According to Greg Day, Symantec’s security CTO for Europe, the Middle East and Africa, while trojans may seem more serious, “if you have installed fake AV you may think you are protected, when in reality you are open to all sorts of attacks.”

This does make a certain bit of sense when you think about it. A lot of religious websites are set up and maintained by church people with varying degrees of computer skills whereas most successful porn sites are run by people who know what they’re doing and how to secure their platforms. No one thinks the asshats who put malware out on the net are going to bother with some piddly-ass church site so there’s less concern about updating software or locking down server access even if the person running it has a clue how to do those things. From the hacker’s point of view, however, every PC infected is one more PC in the botnet that can send out spam/DDoS attacks/whatever. A lot of attempted hacks are automated with scripts these days so if it’s trivial to hack a site and install your malware it’s worth doing so even if it only nets you a handful of PCs. Not like the hackers themselves even have to think about it.

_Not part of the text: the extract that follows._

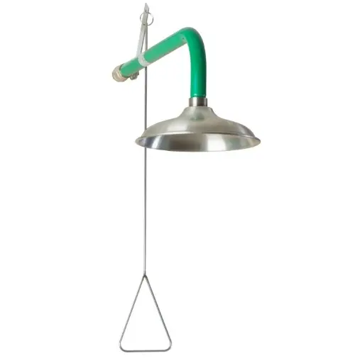 Аварийный душ настенный сделан из оцинкованной стали, лейка душа выполнена из полипропилена. Душ самопомощи покрашен в сигнальный зеленый цвет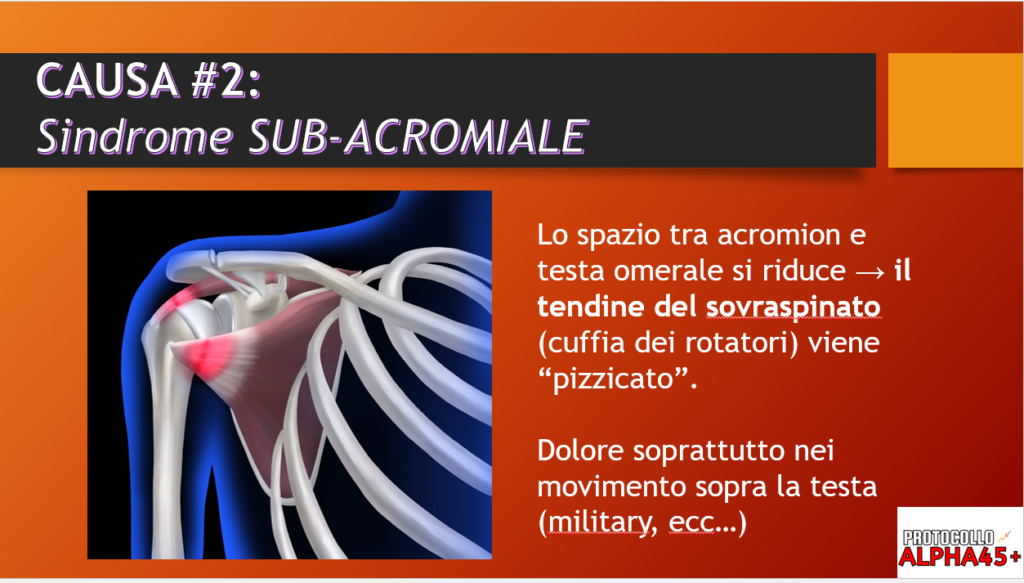 Il tendine del sovraspinato viene “schiacciato” sotto l’acromion durante i movimenti sopra la testa. Risultato: dolore acuto durante military press e alzate laterali.

Which is why you should always wear a condom when you go to religious websites. You know, just to be safe.

ISPs and FBI warning about a nasty rootkit called Alureon.

I got an email from an SEB regular about an email they got to check their PC to see if it’s infected that directed them to DCWG.org. She wanted to know if it was legit or a scam. I checked it out and wrote back and I thought the info would be useful for others so here’s her original email followed by my reply:

Subject: dcwg scam

Not hate mail, but a query:  Is this dcwg.org computer checking site that the FBI is sending us to legit?

You’re the only computer guy I “know” [and not in the biblical sense!]

And my reply:

I hadn’t heard about it before, but it doesn’t appear to be a scam. Their about page (http://www.dcwg.org/aboutcontact/) says it’s a joint effort between the FBI, Georgia Tech, The Internet Systems Consortium, Mandiant, National Cyber Forensics and Training Alliance, Neustar, Spamhaus, Team Cynmru, Trend Micro, and the University of Alabama at Birmingham. That’s a pretty impressive group and many of them have links back to dcwg.org. They also provide several links to the FBI (http://www.fbi.gov/news/stories/2011/november/malware_110911) and other sources for confirmation, plus there’s a good number of news articles about it (http://www.usatoday.com/tech/news/story/2012-04-20/internet-woes-infected-pcs/54446044/1). On top of that there’s a number of articles about it at various ISP such as Comcast (http://forums.comcast.com/t5/Security-and-Anti-Virus/DNS-Changer-Bot-FAQ/td-p/1215341). The fact that it has pretty good prominence on Google’s search is a good indicator it’s legit as well.

If you were sent a notice from your ISP I’d take it seriously and run a couple of the tests to verify. This is a nasty rootkit that modifies what DNS servers you connect to to resolve domain names (it’s how you get from typing in stupidevilbastard.com to an IP address the computer can understand which for SEB would be 209.240.81.155). The rootkit modifies the hosts file on your PC and can, apparently, even modify some home routers as well (especially if you never changed the default password). One clear sign is if your antivirus software has been disabled, but check the links for more info. It appears it’s the Alureon rootkit which you can read more about at Wikipedia: http://en.wikipedia.org/wiki/Alureon

Don’t panic too much. Even if you are infected and lose connectivity in July your PCs can be fixed. The reason they’re working now is the FBI has seized the rogue DNS servers and replaced them with non-naughty ones, but they’re not going to keep them running forever. When they shut them done in July your PC won’t be able to resolve domain names. It’s not that you’re not connected to the net, just that you’d be limited to typing in IP addresses like the one I gave you for SEB. That bypasses DNS altogether.